_Supplied material_:
_ _ _ _ _
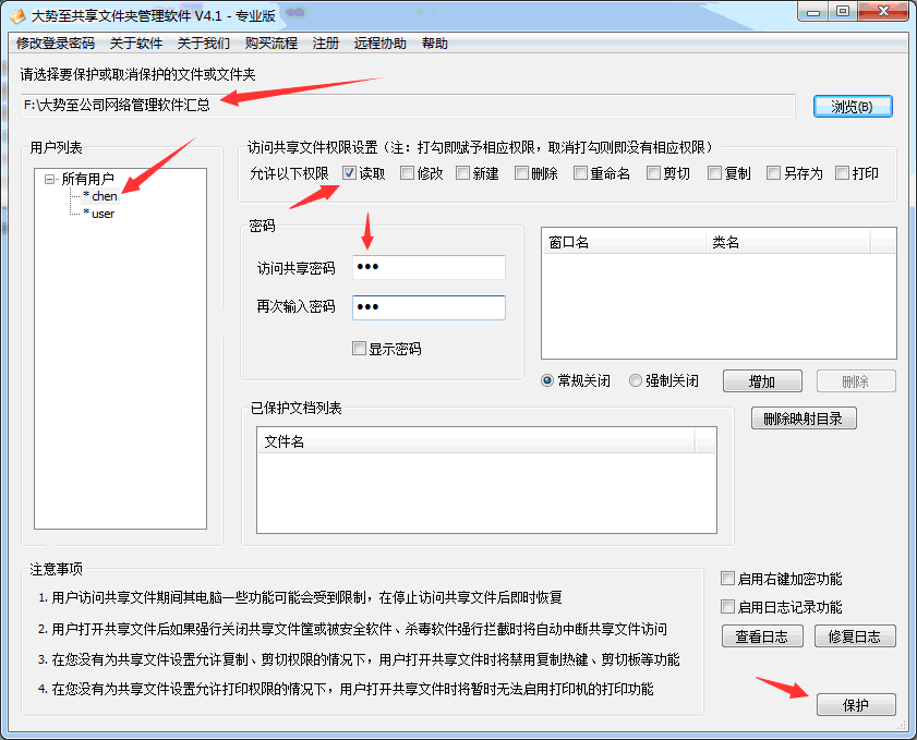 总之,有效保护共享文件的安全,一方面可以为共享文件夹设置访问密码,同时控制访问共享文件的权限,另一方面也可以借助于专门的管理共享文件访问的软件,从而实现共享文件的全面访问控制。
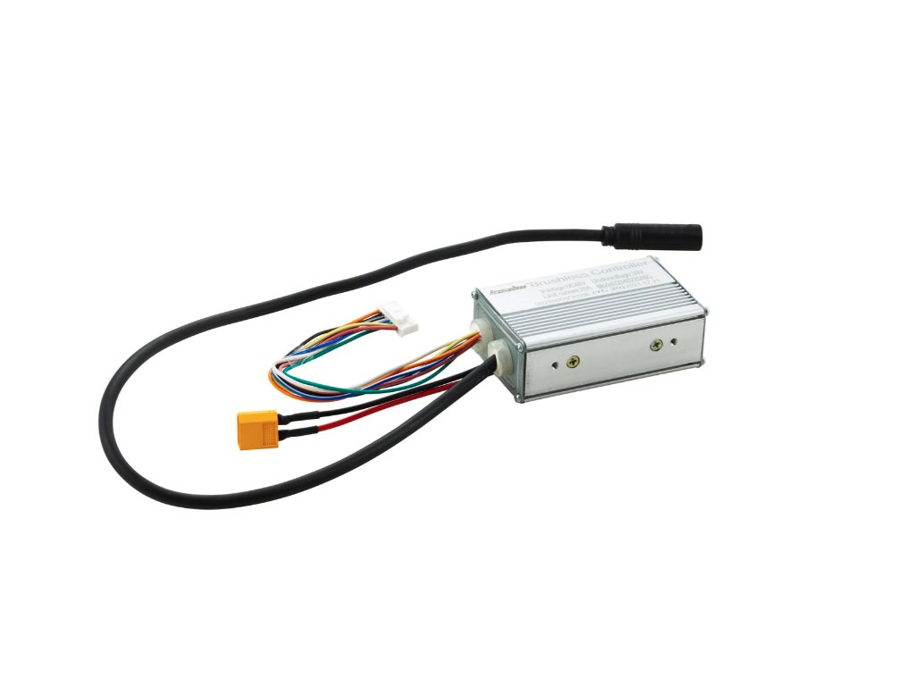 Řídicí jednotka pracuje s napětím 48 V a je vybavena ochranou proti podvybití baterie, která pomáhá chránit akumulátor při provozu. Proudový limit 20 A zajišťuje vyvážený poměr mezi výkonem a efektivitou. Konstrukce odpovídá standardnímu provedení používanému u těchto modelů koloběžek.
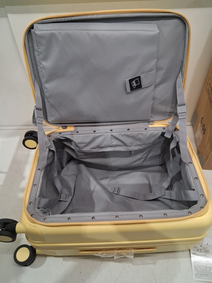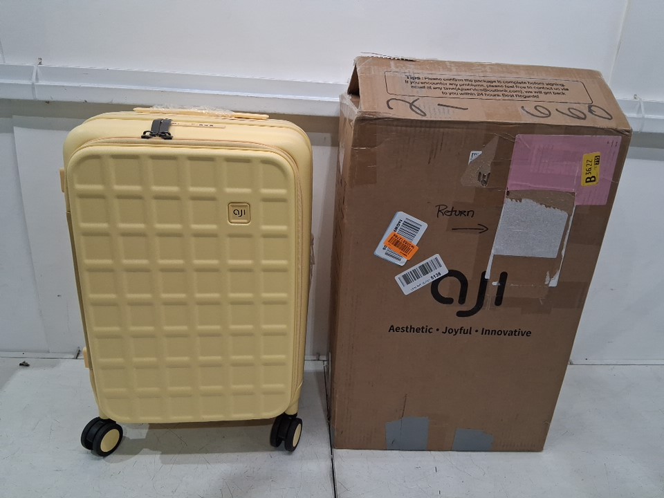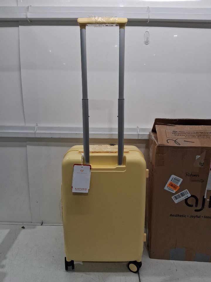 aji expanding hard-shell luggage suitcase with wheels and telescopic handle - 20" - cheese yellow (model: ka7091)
_ _ _ _ _
All lines from the one holding "Řídicí jednotka pracuje" to the end of the listing above need to be duplicated exactly. None of the pictures should be included.

_Solved problem_:
 Řídicí jednotka pracuje s napětím 48 V a je vybavena ochranou proti podvybití baterie, která pomáhá chránit akumulátor při provozu. Proudový limit 20 A zajišťuje vyvážený poměr mezi výkonem a efektivitou. Konstrukce odpovídá standardnímu provedení používanému u těchto modelů koloběžek.
 aji expanding hard-shell luggage suitcase with wheels and telescopic handle - 20" - cheese yellow (model: ka7091)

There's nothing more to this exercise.